> **EXERCISE OBJECTIVE**
Lines from the material below that hold the string "with" are what is needed; copy each of them.

> **DATA FOR ANALYSIS**
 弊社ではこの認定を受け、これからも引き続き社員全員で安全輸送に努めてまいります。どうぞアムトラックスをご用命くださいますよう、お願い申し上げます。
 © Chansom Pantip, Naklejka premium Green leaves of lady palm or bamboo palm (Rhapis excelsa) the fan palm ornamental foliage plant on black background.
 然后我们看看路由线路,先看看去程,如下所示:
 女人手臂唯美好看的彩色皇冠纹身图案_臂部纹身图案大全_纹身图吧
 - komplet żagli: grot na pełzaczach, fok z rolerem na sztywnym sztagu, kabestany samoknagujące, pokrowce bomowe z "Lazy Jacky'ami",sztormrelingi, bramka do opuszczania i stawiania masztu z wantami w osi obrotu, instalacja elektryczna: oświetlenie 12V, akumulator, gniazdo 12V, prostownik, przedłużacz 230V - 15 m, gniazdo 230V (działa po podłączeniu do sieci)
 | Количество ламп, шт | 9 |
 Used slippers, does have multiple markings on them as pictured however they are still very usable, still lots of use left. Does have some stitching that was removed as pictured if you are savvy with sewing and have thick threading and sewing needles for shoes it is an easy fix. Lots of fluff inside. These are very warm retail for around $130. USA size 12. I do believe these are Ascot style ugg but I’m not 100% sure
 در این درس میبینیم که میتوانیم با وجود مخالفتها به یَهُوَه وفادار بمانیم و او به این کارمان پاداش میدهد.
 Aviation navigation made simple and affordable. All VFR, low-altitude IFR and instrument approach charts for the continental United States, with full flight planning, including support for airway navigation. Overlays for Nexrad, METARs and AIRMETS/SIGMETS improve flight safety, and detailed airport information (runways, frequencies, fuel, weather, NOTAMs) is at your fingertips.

---

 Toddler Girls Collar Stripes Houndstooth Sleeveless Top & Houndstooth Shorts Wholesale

> **TASK RESULT**
 Used slippers, does have multiple markings on them as pictured however they are still very usable, still lots of use left. Does have some stitching that was removed as pictured if you are savvy with sewing and have thick threading and sewing needles for shoes it is an easy fix. Lots of fluff inside. These are very warm retail for around $130. USA size 12. I do believe these are Ascot style ugg but I’m not 100% sure
 Aviation navigation made simple and affordable. All VFR, low-altitude IFR and instrument approach charts for the continental United States, with full flight planning, including support for airway navigation. Overlays for Nexrad, METARs and AIRMETS/SIGMETS improve flight safety, and detailed airport information (runways, frequencies, fuel, weather, NOTAMs) is at your fingertips.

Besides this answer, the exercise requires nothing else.